Ultralight Airplane Pitch Stability
Conventional ideas about the need for longitudinal static stability are misleading in the case of ultralight airplanes. The reason is that, instead of the normal short – and long – period, or phugoid, modes of motion, four unfamiliar first-order modes may appear. For example, the Gossamer Condor’s center of gravity is aft of the neutral point, in order to unload somewhat the canard surface. This produces a positive or unstable value for the CMa derivative. As a result, one of the four first-order modes is unstable. However, the corresponding divergence has a time constant of about 1,000 seconds, making it imperceptible to pilots.
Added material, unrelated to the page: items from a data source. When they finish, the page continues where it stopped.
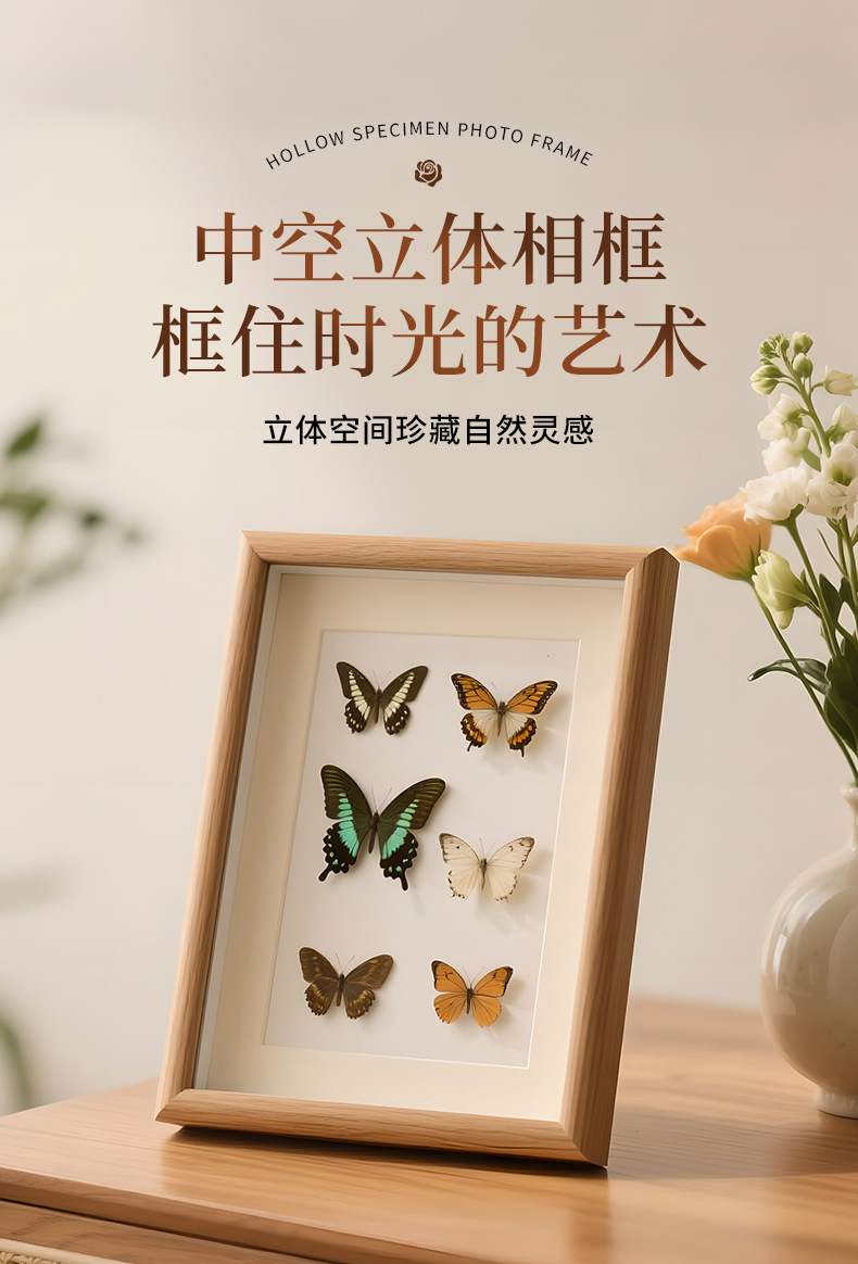 나무 중공 3 차원 사진 프레임 실제 나비 표본 프레임 DIY 수제 곤충 식물 불멸의 표본 프레임 장식품스토어 가기
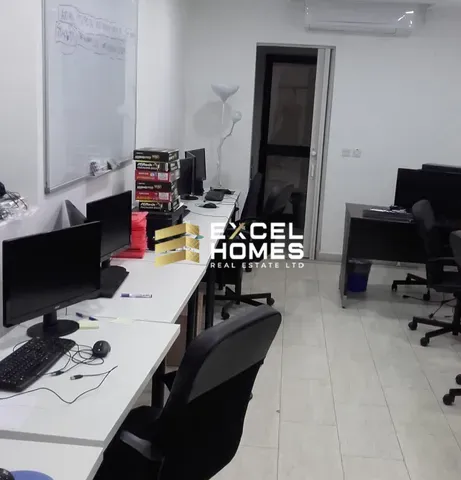Первый этаж, офисное помещение 60 квадратных метров в заливе Спинола, полностью кондиционируемое, оборудовано мини-кухней, санузлом с душем и меблировано.
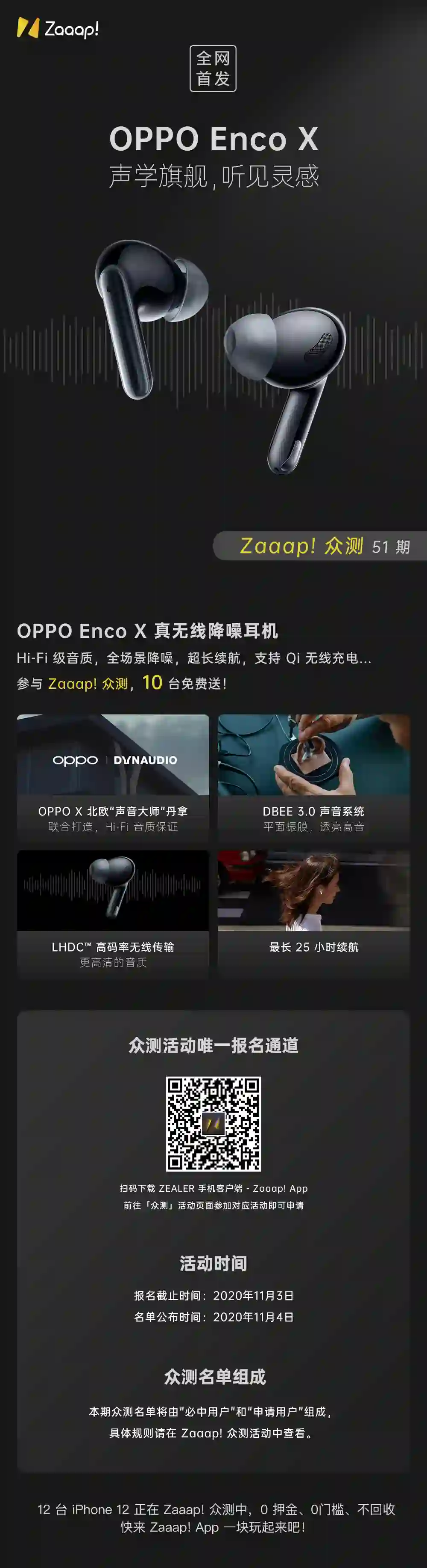 扫码上方图片二维码,下载zaaap!客户端赢取 10 个 OPPO 新品,价值 999 元,玩必中免费拿,0 押金无门槛。
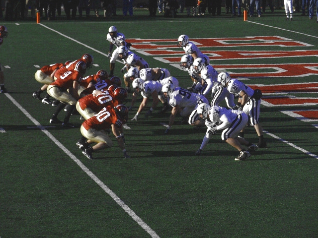 3rd quarterにキックによるポイントを許し、10-0で最終quarterへ。Crimsonは堅実なrun playで制限時間いっぱいを使い時間を稼ぐ。10点差は少なくとも2回の攻撃がなければひっくり返せない。困ったことに、時間を稼がれるどころかCrimsonのrunプレイがなかなか止まらない。
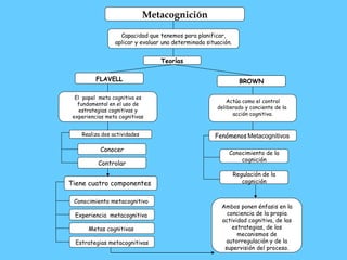 El documento habla sobre la metacognición, que es la capacidad de planificar, aplicar y evaluar una situación. Describe las teorías de Flavell y Brown sobre la metacognición y sus cuatro componentes. Explica que la metacognición es importante para el aprendizaje y que se desarrolla a través de la práctica guiada. Finalmente, menciona que la metacognición es una de las áreas más dinámicas de la psicología educacional.
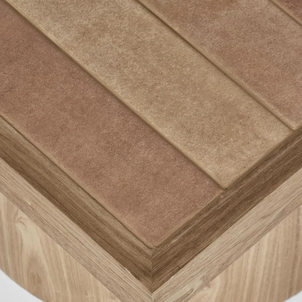 Introducing the Atelier Coffee Table, a stunning centerpiece that combines contemporary design with artisanal craftsmanship. This coffee table features a meticulously hand-laid tiled top and an elegant oak veneer, perfect for adding a touch of sophistication to any living space. Key Features: Hand-Laid Tiled Top: The Atelier Coffee Table boasts a beautiful hand-laid tiled top, creating a unique and eye-catching surface. Each tile is carefully selected and placed by skilled artisans, resulting in a one-of-a-kind piece with a striking mosaic effect. Elegant Oak Veneer: Crafted with a high-quality oak veneer, the coffee table offers a sleek and stylish finish. The natural oak veneer showcases the wood’s rich grain, adding warmth and texture to the contemporary design. Contemporary Design: With its clean lines and modern aesthetic, the Atelier Coffee Table fits seamlessly into a variety of interior styles. Whether placed in the center of your living room or as an accent piece, it enhances your décor with its sophisticated presence. Versatile Functionality: Ideal for both everyday use and special occasions, this coffee table provides ample surface space for beverages, books, and decorative items. Its versatile design makes it a practical and stylish addition to any living area. Sturdy Construction: Built to last, the Atelier Coffee Table features a robust frame that ensures stability and durability. The combination of the solid structure and quality materials guarantees long-term use and enjoyment. Easy Maintenance: The tiled top and oak veneer are easy to clean and maintain. Simply wipe down with a damp cloth to keep the table looking fresh and new. The durable materials ensure that the table remains in excellent condition over time. Artisan Craftsmanship: Each Atelier Coffee Table is handcrafted by skilled artisans, ensuring high quality and attention to detail. The handcrafted nature of this piece means each table is unique, with slight variations that add to its charm. Elevate your living space with the Atelier Coffee Table in Natural, where contemporary design meets artisanal craftsmanship. Enjoy a piece that is not only a functional addition to your home but also a statement of refined taste and modern elegance.
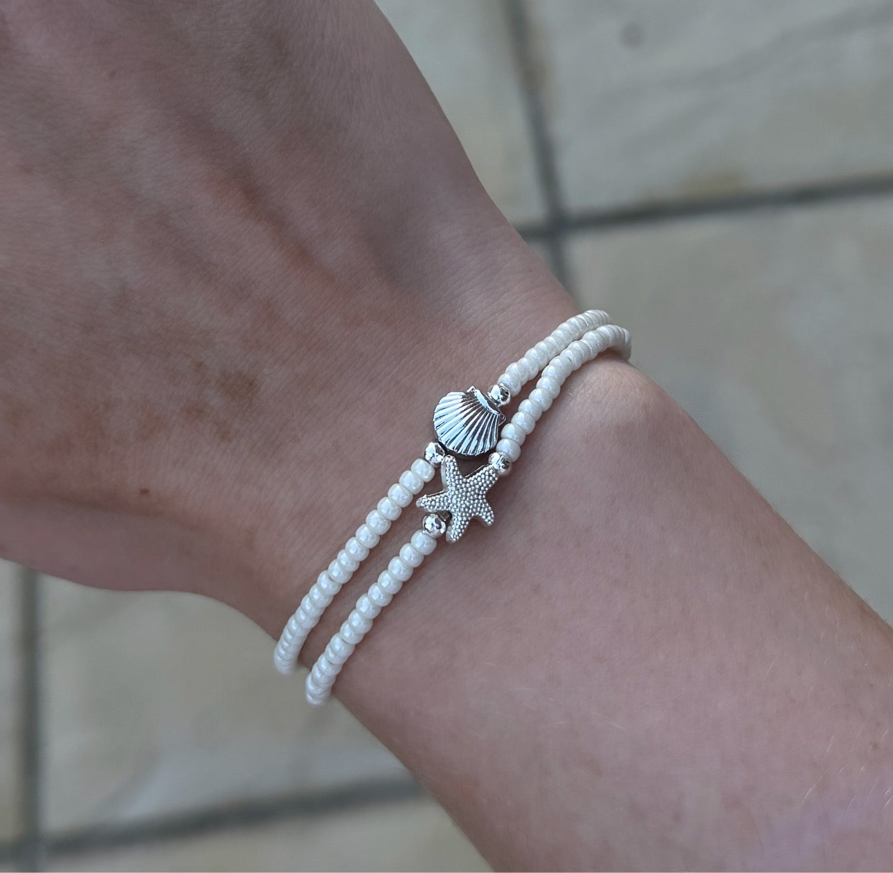 The Beach Bead Duo Stacking Set adds a touch of seaside calm to your everyday stack 🐚

Another way to explain the benign pitch behavior of ultralight airplanes flying at centers of gravity behind the neutral point is to consider their maneuvering stability. Maneuvering stability disappears at the maneuver point. The maneuver point of ultralight airplanes tends to be far aft of the neutral point because of high pitch and heave damping levels. For flight at centers of gravity behind the neutral point but ahead of the maneuver point, the machine would have no tendency to diverge unstably in pitch attitude at constant airspeed. Its unstable behavior would require a simultaneous loss of airspeed and nose-up pitch change in level flight, a process that is very slow.
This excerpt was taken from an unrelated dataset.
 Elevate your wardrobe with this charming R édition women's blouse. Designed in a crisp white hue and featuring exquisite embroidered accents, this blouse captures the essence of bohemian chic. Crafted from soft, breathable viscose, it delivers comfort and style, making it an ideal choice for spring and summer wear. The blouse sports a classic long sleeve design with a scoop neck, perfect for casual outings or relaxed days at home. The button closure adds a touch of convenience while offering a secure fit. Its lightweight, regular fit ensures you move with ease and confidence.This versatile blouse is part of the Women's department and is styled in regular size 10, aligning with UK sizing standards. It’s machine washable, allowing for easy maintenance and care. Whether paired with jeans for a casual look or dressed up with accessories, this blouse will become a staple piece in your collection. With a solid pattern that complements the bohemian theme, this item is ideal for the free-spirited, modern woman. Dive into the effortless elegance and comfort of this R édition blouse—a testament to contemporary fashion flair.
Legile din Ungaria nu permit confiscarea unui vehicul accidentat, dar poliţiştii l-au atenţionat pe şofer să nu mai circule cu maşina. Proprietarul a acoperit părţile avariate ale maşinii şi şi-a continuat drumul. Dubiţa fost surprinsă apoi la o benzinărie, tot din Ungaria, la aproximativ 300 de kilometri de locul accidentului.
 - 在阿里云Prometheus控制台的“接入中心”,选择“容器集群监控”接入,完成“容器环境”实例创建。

To illustrate the concept of the maneuver point or maneuvering stability, consider an airplane with an unstable gradient in pitching moment with angle of attack, and suppose it to be disturbed nose-up with respect to its flight path. The unstable pitching moment gradient would tend to increase the size of the disturbance, but at the same time the increase of angle of attack would cause the flight path to curve upward if the speed is constant. The upward curvature of the flight path implies an angular velocity in pitch, which is resisted by the aerodynamic damping in pitch.
In the case of the Gossamer aircraft, the stabilizing effect of the pitch damping due to flight path curvature overwhelms the destabilizing gradient of pitching moment with angle of attack. The neutral point is 5 percent ahead of the center of gravity, but the maneuver point is four chord lengths behind the center of gravity, due to the large path curvature for a given angle of attack.